Toner coverage = ((number of toner particles in developer) / (number of carrier particles in developer))
X (projected area of one toner particle) / (surface area of one carrier particle)
According to this configuration, since the toner coverage is 25% or less, it is possible to remarkably shorten the time required for applying a desired charged charge to the uncharged toner, and therefore, it is possible to further improve the charge rising performance of the toner. .

  The toner coverage of 25% represents a condition in which the total surface area of toner 1 particles that can adhere to one carrier particle matches the surface area of one carrier particle. That is, the stirring condition that the toner coverage is 25% or less is a condition that the total surface area of the carrier in the developer in the developer stirred in the stirring chamber is equal to or larger than the total surface area of the toner particles in the developer. It is.

  As a result of an experiment to investigate the charge amount distribution of toner particles using the toner coverage θ as a parameter, a significant improvement in the charging ability that all toner particles can obtain a uniform charge amount in a short time It was found that this is a feature that appears in common when the ratio is 25% or less.

  The experimental results that support this numerical basis will be described in detail in the section of the embodiment.

  The developing device according to the present invention is a developing device that visualizes an electrostatic latent image using a two-component developer composed of toner and a carrier, and is charged by being stirred with the developer in the process from the toner supply unit to the latent image carrier. In the upstream stirring chamber installed on the upstream side of the toner flow, the downstream stirring chamber installed on the downstream side, and the upstream stirring chamber, the toner concentration is kept below the first threshold value, while the downstream stirring is performed. In the chamber, a toner transfer control means for controlling a toner transfer amount between the toner supply unit, the upstream stirring chamber, and the downstream stirring chamber so as to keep the toner concentration higher than the first threshold and lower than the second threshold. And.

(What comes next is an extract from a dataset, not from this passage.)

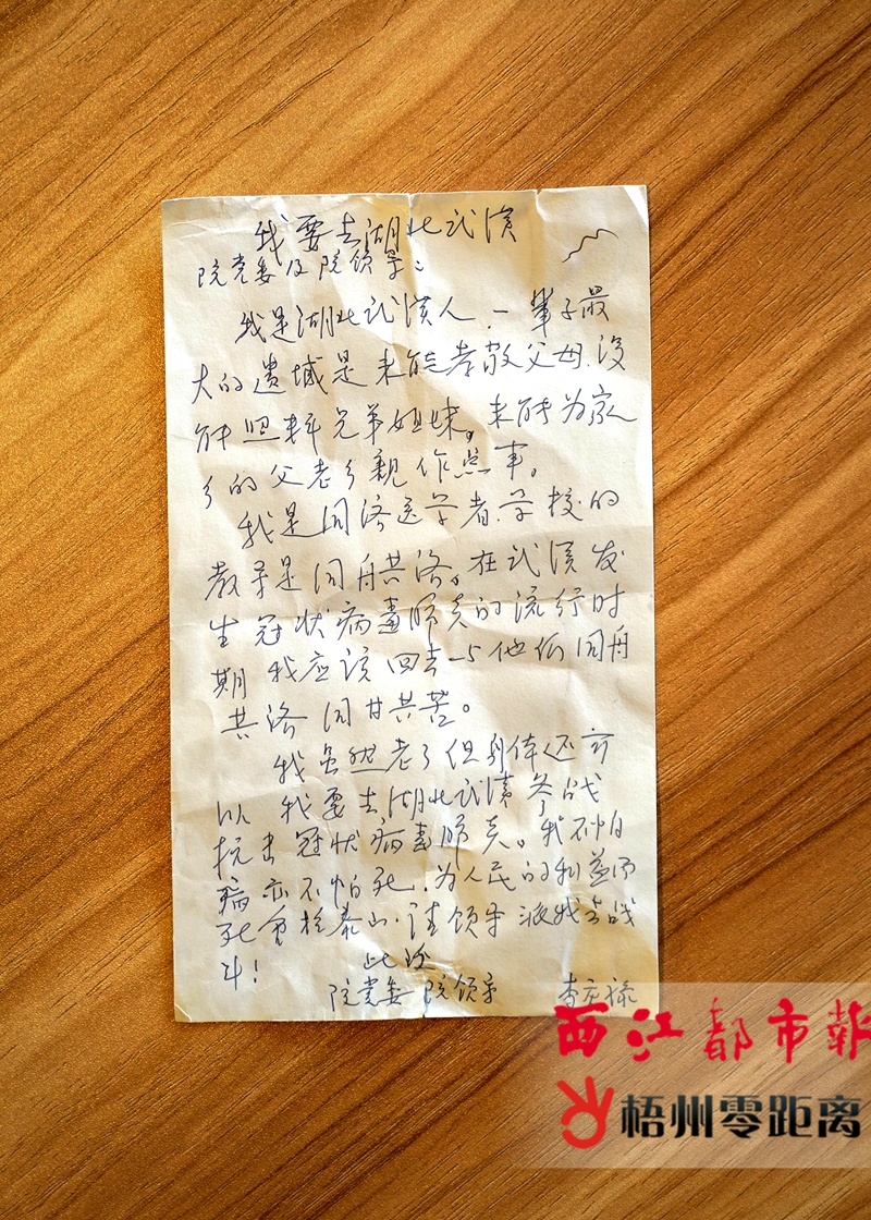 西江都市報記者 陳素雅 通訊員黃舒捷 “我是湖北武漢人……我雖然老了,但身體還可以,我要去湖北武漢參戰抗擊新型冠狀病毒肺炎。我不怕病亦不怕死,為人民的利益而死重于泰山,請領導派我去戰斗!”

  In the above configuration, the toner transfer control means adjusts the toner transfer amount from the toner supply unit to the upstream stirring chamber and the toner transfer amount from the upstream stirring chamber to the downstream stirring chamber. The toner density is controlled to be lower than the first threshold value and lower than the first threshold value and lower than the second threshold value in the downstream side stirring chamber. Since the toner concentration is proportional to the length of the charging time, the upstream agitating chamber is controlled to a relatively low toner concentration compared to the downstream agitating chamber, so that a desired charged charge is imparted to the toner in order to shorten the time. In addition, the downstream stirring chamber is controlled to have a relatively high toner density as compared with the upstream stirring chamber, so that development with an emphasis on the quality of the electrostatic latent image on the surface of the latent image carrier can be performed. As a result, it is possible to further improve the charge rising performance of the toner and further stabilize the charged charge amount, and always develop a high-quality image.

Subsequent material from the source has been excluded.